Monday, June 22, 2015

Asset Allocation - 5 Important Steps to Consider While Creating a Successful Long-term Portfolio



A portfolio is a combination of different stocks from the different sectors. Investing can help investors take advantage of compounding returns and grow the investment amount.

The composition of investments in a portfolio depends on a number of factors such as investor's risk tolerance, investment horizon and amount invested.

Diversification:

Diversification is one of the basic building blocks of a good portfolio. Diversification reduces risk by allocating investments. It aims to maximize return by investing in different areas that would each react differently to the same event. Diversification can help an investor manage risk and reduce the volatility of stock price movements.

A portfolio is a combination of different stocks from the different sectors. Investing can help investors take advantage of compounding returns and grow the investment amount.
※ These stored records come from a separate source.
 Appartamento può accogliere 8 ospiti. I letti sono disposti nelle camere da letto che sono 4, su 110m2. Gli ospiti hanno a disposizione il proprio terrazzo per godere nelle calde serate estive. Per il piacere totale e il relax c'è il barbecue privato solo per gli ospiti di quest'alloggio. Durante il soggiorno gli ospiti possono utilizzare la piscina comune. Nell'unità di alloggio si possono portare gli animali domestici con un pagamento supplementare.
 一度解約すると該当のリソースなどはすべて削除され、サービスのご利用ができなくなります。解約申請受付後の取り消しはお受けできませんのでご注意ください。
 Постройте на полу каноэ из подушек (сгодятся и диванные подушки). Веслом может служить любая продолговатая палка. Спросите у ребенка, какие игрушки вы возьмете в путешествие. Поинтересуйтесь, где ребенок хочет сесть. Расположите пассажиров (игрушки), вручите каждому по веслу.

The composition of investments in a portfolio depends on a number of factors such as investor's risk tolerance, investment horizon and amount invested.

Asset Allocation:

Asset Allocation is the most important factor in determining the expected long-term performance and return variability of a well-diversified portfolio. In other words, the asset allocation plays a key role in determining portfolio's overall risk and return.

Risk & Return Analysis:

All investments involve some risk, even seemingly "safe" investments. Investors should consider risk taking ability and willingness before committing fund to portfolio because not every asset is suitable for every investor.

Do proper research and avoid information cramming:

Research is a backbone of every investing. Research assists the decision-making process with as much relevant information. One can use top down approach or bottom up approach. Research on companies helps investors understand the health of its business and its future prospects.
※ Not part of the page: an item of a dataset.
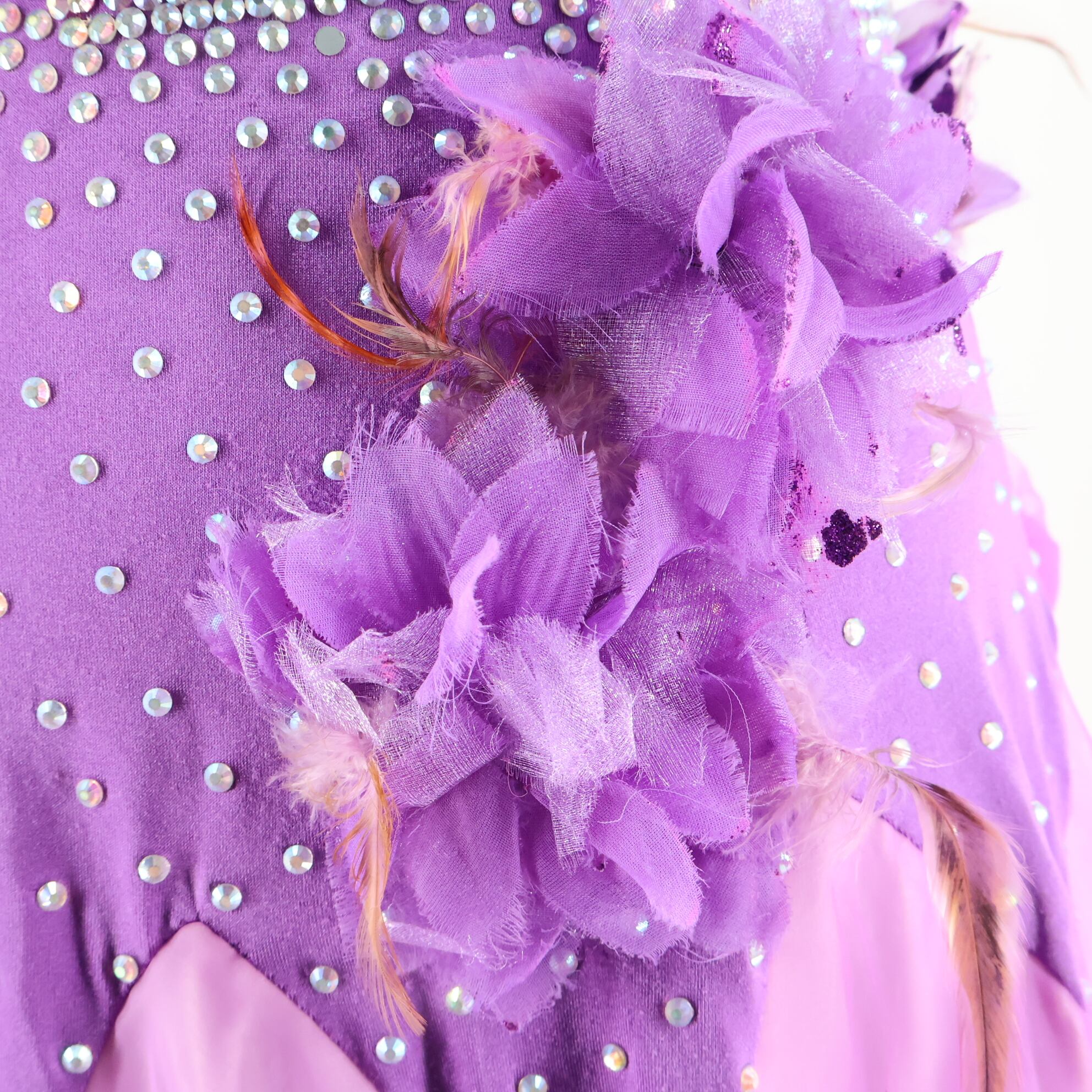 【社交ダンス衣装】パープル ワンピース ドレス 紫 フロート 花 フリル レース 高級感 ラベンダー 藤色 ビジュー 豪華 デモ 競技用 レディース レオタード クロッチ 羽 装飾 チョーカー ダンス用

Among the quantitative factors, five factors to select stock are Earnings, Profit Margins, Return on Equity (ROE), Price-to-Earnings (P/E) and Price-to-Book (P/B).

Hold some portion in cash:

A well-balanced portfolio should have some space for cash to maintain liquidity in the portfolio. Liquidity will help rebalance the portfolio in case of market movements. Rebalancing would help the investors earn better returns.

To conclude, a well-balanced portfolio helps investors earn maximum returns.